О. М. Фрейденберг отмечала, что «его <Веселовского> историзм еще пропитан плоским эволюционным позитивизмом ‹…›, его сравнительный метод безнадежно статичен. Проблемы семантики Веселовский совсем не ставит ‹…›, его интересует общая механика литературного процесса в целом, но не движущие причины этой механики»[63]. Литературные явления в концепции Веселовского выстроены в четкую, подчиненную строгим логическим (генетическим) закономерностям безличную цепь, именно поэтому область «предания», – фольклор и древнейшее искусство, – куда более притягательны для Веселовского, нежели область «личного творчества» (исключая, быть может, литературу романтизма). Весьма характерно следующее высказывание ученого: «Главный результат моего обозрения ‹…› важен для истории поэтического творчества. Я отнюдь не мечтаю поднять завесу, скрывающую от нас тайны личного творчества, которыми орудуют эстетики»[64].

Именно бахтинская «эстетика словесного творчества» позволила восполнить позитивистские изъяны исторической поэтики Веселовского.
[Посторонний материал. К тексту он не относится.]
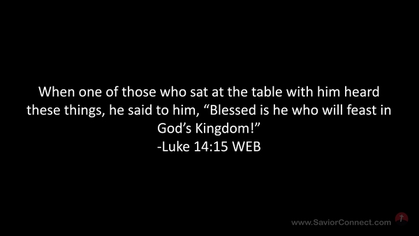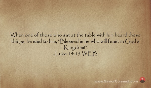 When one of those who sat at the table with him heard these things, he said to him, “Blessed is he who will feast in God’s Kingdom!” -Luke 14:15 WEB
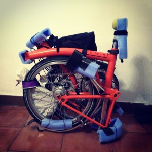 In short: I remove the Brooks saddle from the bike (the rails on the saddle would bend if the whole case got dropped on its head) and cover the top of the seat post with a tennis ball (with a cross cut into one side to make a hole). Then I stuff precut lengths of pipe lagging between the fenders and the wheels, remove the two bolts that secure the frame when it’s in unfolded mode, and use Velcro straps to attach more foam lagging to anything that sticks out. Here are a couple photos, taken before my first trip to the United States with the bike. The setup hasn’t changed since.

Для последнего генезис литературного явления, как правило, важнее его индивидуальной духовной сути (потому-то Веселовского, условно говоря, более Петрарки занимает «петраркизм»). Позиция Бахтина совмещает плодотворные особенности шиллеровской «ИП в себе» и эксплицированной исторической поэтики по Веселовскому. Способность к духовному проникновению в сущность целостного организма культуры у Бахтина не замыкается в рамках «своей» парадигмы словесности (как это было в полемике классицизма и романтизма), но распространима на принципиально различные хронологически и типологически стадии литературного развития. При этом и только при этом условии становится возможным полновесное понимание, диалог, субъектно-субъектные идеологические отношения между нетождественными парадигмами литературы. Возникает ориентированный на «ответственность» (Бахтин), этически укорененный и обоснованный интерес исследователя к контакту с целостным организмом конкретного произведения, анализ которого у Веселовского практически отсутствовал[65].

вернуться

61

Веселовский А. Н. Историческая поэтика. М., 1989. С. 299.

вернуться

62

Напомним слова О. Мандельштама, доходящие, вероятно, до последних возможных пределов понимания и в то же время неприятия «позитивных» устремлений науки прошлого столетия: «Гигантские крылья девятнадцатого века – это его познавательные силы ‹…›. Как огромный циклопический глаз – познавательная способность девятнадцатого века обращена в прошлое и в будущее. Ничего, кроме зрения, пустого и хищного, с одинаковой жадностью пожирающего любой предмет, любую эпоху» (Мандельштам О. Слово и культура. М., 1987. С. 80).

вернуться

63

Фрейденберг О. М. Поэтика сюжета и жанра. Л., 1936. С. 17. Ср.: «До конца своего творческого пути Веселовский оставался во многих отношениях “шестидесятником” ‹…›, ученым-позитивистом ‹…› с культом факта, скептическим отношением ко всякой научной романтике» (Жирмунский В. М. А. Н. Веселовский и сравнительное литературоведение // Жирмунский В. М. Сравнительное литературоведение. Л., 1979. С. 87–88).

вернуться

64

Цит. по: Горский И. К. Об исторической поэтике Александра Веселовского // Веселовский А. Н. Историческая поэтика. М., 1989. С. 16–17.

вернуться

65

Ср. точную формулировку Г. К. Косикова: «Если историческую поэтику интересует историческая подвижность литературных форм, если она ориентируется ‹…› на их фольклорные и мифологические корни, то функциональная поэтика подходит к произведению именно как к наличной и завершенной данности ‹…›. Основной реальностью, с которой имеет дело функциональная поэтика, ее исходным и конечным объектом являются конкретные произведения» (Зарубежное литературоведение 70-х годов: Направления, тенденции, проблемы. М., 1984. С. 160).